Although the entries contain pictures, the copy should hold only their exact text.

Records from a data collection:
[Start of section]
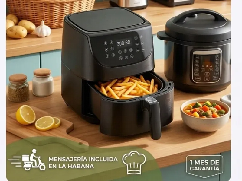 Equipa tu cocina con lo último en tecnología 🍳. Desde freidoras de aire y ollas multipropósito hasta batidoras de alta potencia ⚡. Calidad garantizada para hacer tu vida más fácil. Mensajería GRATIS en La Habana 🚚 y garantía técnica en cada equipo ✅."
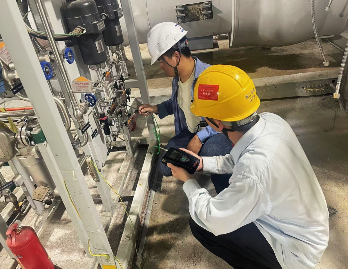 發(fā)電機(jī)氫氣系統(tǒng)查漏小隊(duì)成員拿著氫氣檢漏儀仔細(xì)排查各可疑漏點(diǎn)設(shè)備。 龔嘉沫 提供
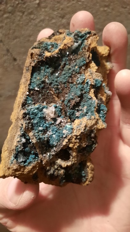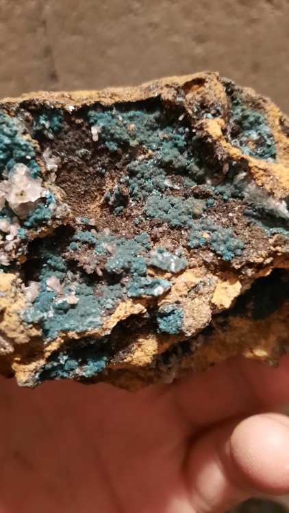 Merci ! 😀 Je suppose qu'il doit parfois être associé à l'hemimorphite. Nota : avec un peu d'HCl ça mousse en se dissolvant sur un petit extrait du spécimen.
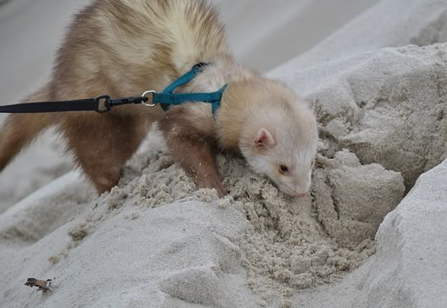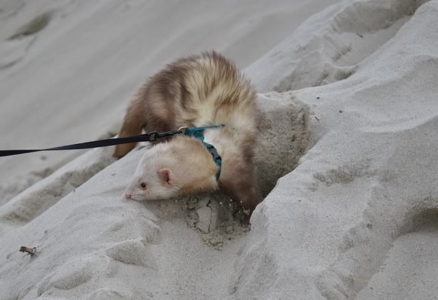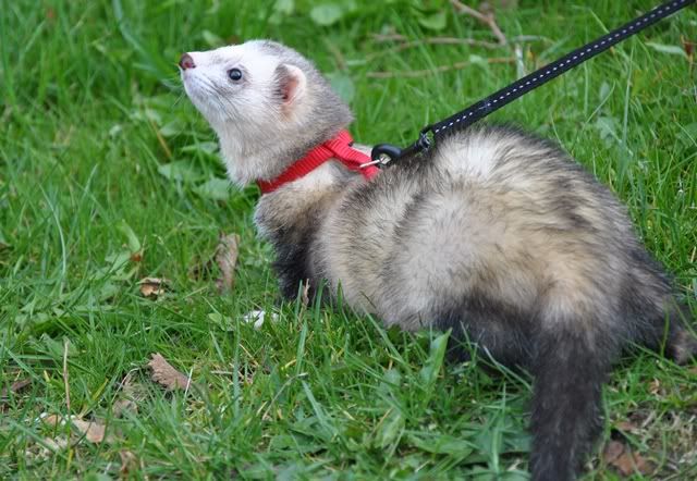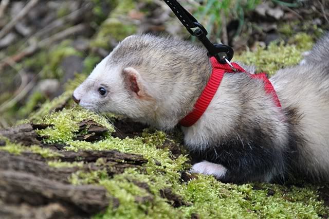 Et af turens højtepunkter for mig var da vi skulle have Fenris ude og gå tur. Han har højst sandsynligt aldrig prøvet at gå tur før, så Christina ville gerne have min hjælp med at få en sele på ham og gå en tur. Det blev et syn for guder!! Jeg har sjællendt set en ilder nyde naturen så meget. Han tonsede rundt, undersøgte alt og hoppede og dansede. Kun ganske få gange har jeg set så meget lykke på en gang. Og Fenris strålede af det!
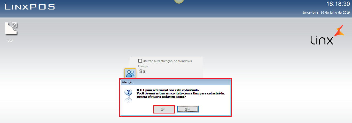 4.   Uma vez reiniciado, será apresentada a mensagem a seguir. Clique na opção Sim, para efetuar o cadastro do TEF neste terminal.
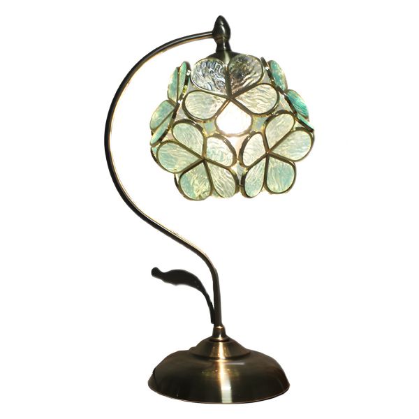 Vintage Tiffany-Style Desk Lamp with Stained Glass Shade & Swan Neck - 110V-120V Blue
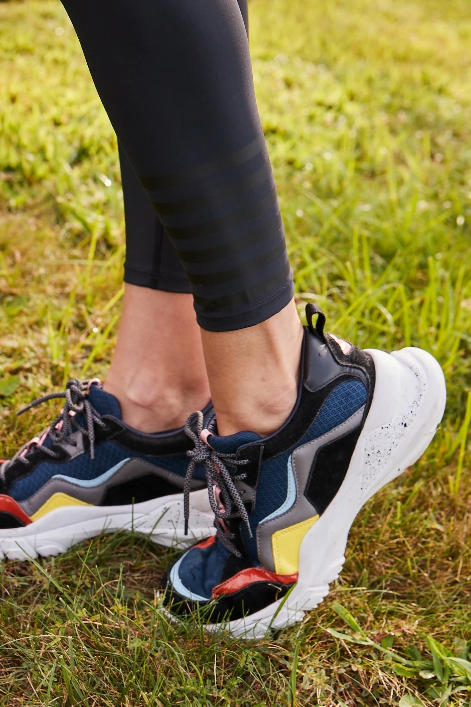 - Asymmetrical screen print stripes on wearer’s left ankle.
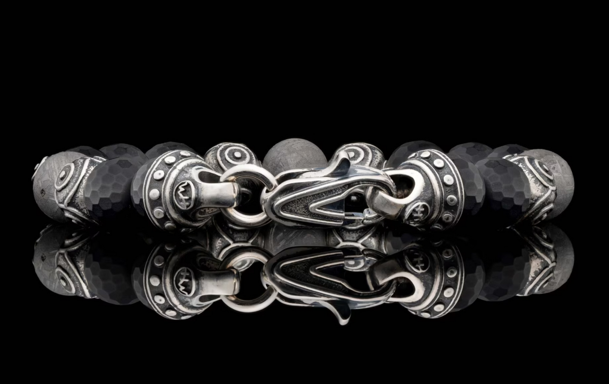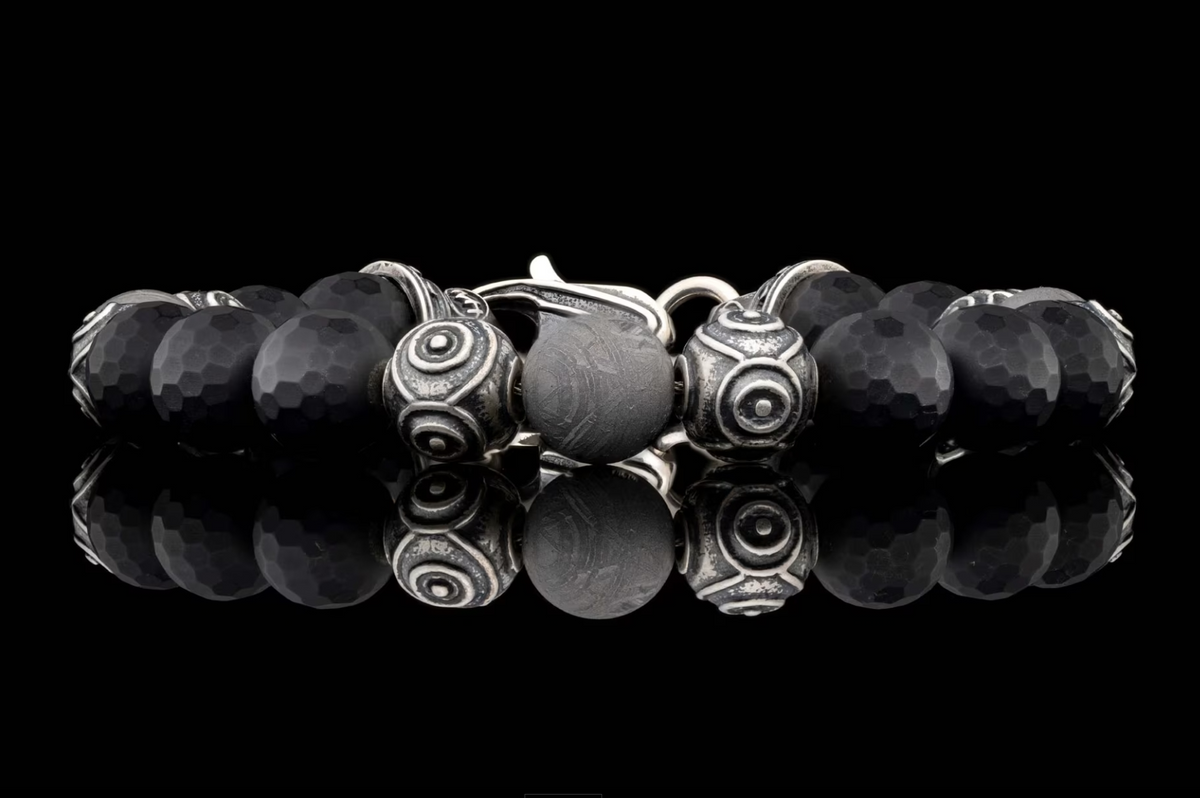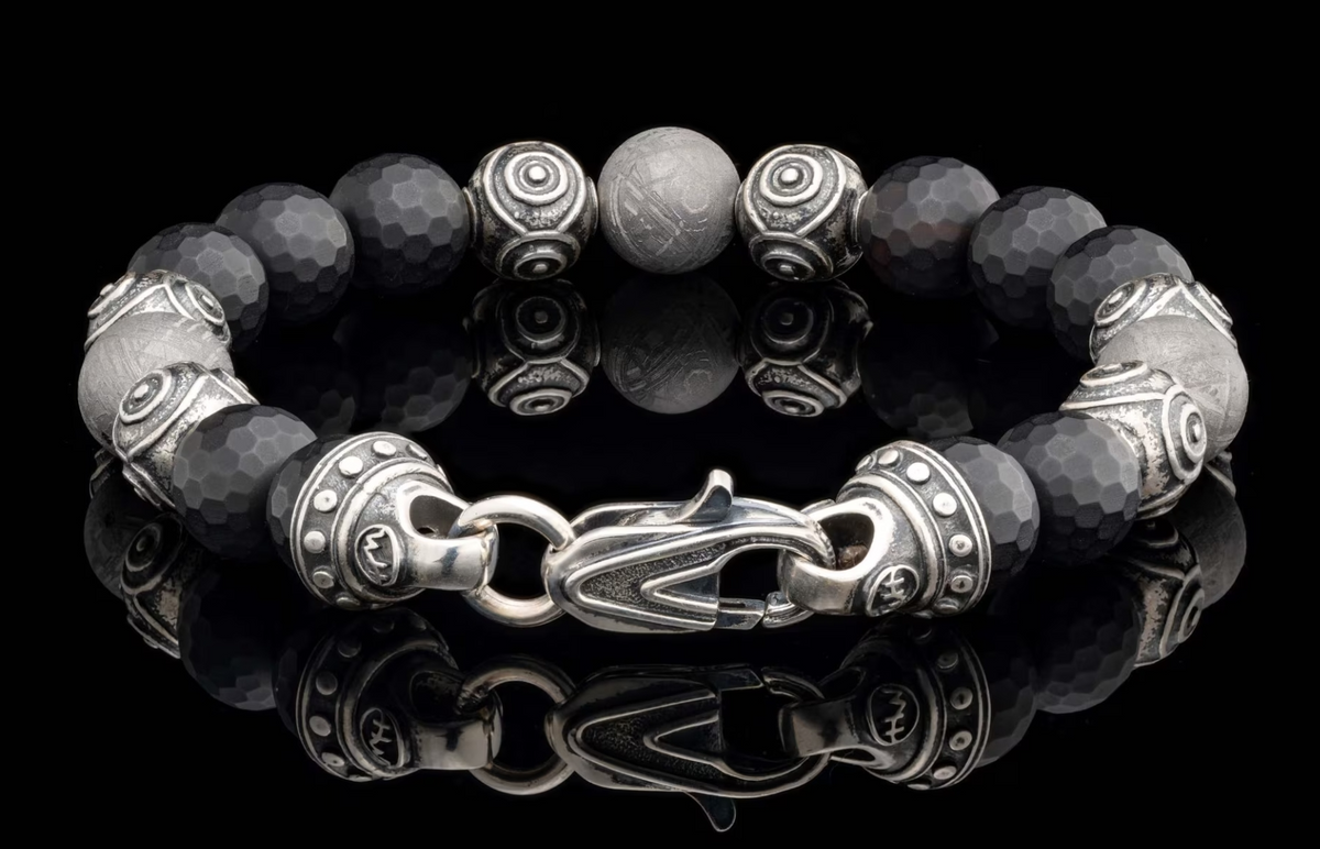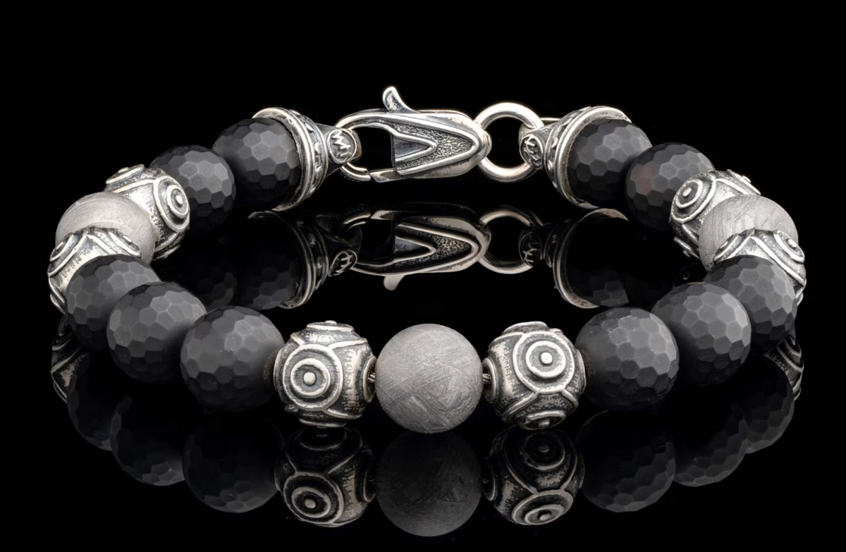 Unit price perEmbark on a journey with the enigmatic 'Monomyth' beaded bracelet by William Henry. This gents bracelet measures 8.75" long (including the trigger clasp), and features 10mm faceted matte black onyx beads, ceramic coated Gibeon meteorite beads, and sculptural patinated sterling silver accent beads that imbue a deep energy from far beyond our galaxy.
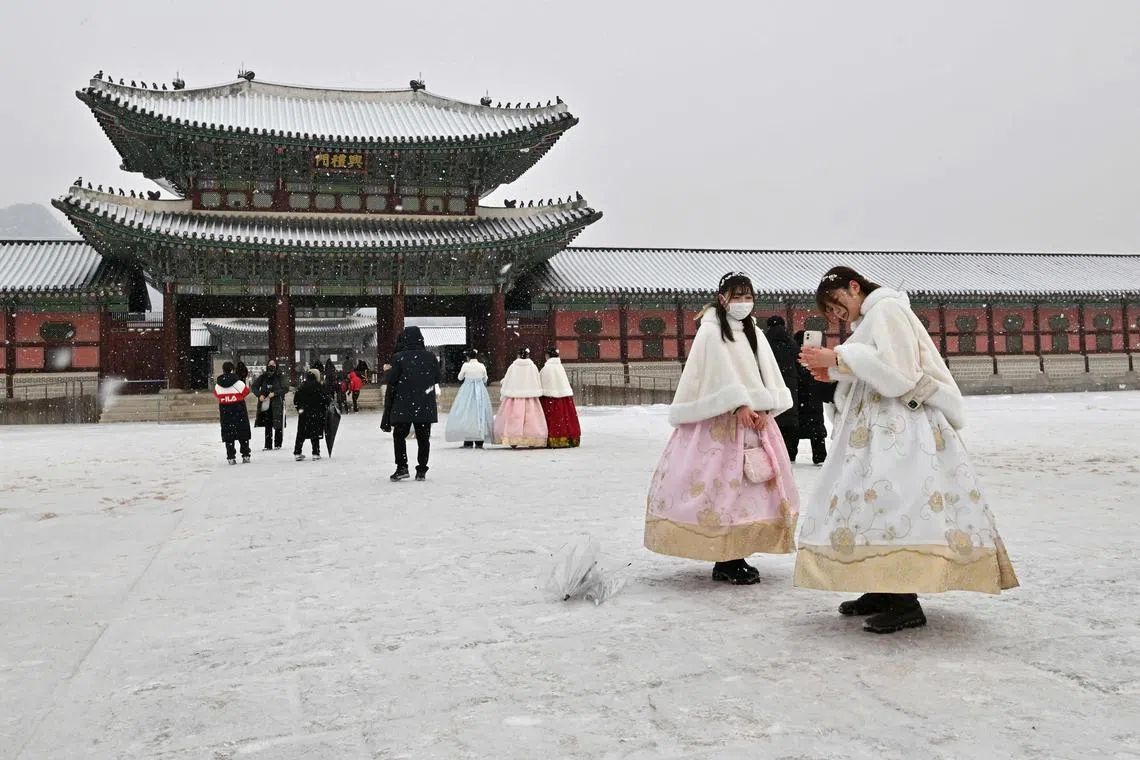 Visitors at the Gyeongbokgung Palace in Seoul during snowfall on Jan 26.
[End of section]
Answer for this exercise.
 Equipa tu cocina con lo último en tecnología 🍳. Desde freidoras de aire y ollas multipropósito hasta batidoras de alta potencia ⚡. Calidad garantizada para hacer tu vida más fácil. Mensajería GRATIS en La Habana 🚚 y garantía técnica en cada equipo ✅."
 發(fā)電機(jī)氫氣系統(tǒng)查漏小隊(duì)成員拿著氫氣檢漏儀仔細(xì)排查各可疑漏點(diǎn)設(shè)備。 龔嘉沫 提供
 Merci ! 😀 Je suppose qu'il doit parfois être associé à l'hemimorphite. Nota : avec un peu d'HCl ça mousse en se dissolvant sur un petit extrait du spécimen.
 Et af turens højtepunkter for mig var da vi skulle have Fenris ude og gå tur. Han har højst sandsynligt aldrig prøvet at gå tur før, så Christina ville gerne have min hjælp med at få en sele på ham og gå en tur. Det blev et syn for guder!! Jeg har sjællendt set en ilder nyde naturen så meget. Han tonsede rundt, undersøgte alt og hoppede og dansede. Kun ganske få gange har jeg set så meget lykke på en gang. Og Fenris strålede af det!
 4.   Uma vez reiniciado, será apresentada a mensagem a seguir. Clique na opção Sim, para efetuar o cadastro do TEF neste terminal.
 Vintage Tiffany-Style Desk Lamp with Stained Glass Shade & Swan Neck - 110V-120V Blue
 - Asymmetrical screen print stripes on wearer’s left ankle.
 Unit price perEmbark on a journey with the enigmatic 'Monomyth' beaded bracelet by William Henry. This gents bracelet measures 8.75" long (including the trigger clasp), and features 10mm faceted matte black onyx beads, ceramic coated Gibeon meteorite beads, and sculptural patinated sterling silver accent beads that imbue a deep energy from far beyond our galaxy.
 Visitors at the Gyeongbokgung Palace in Seoul during snowfall on Jan 26.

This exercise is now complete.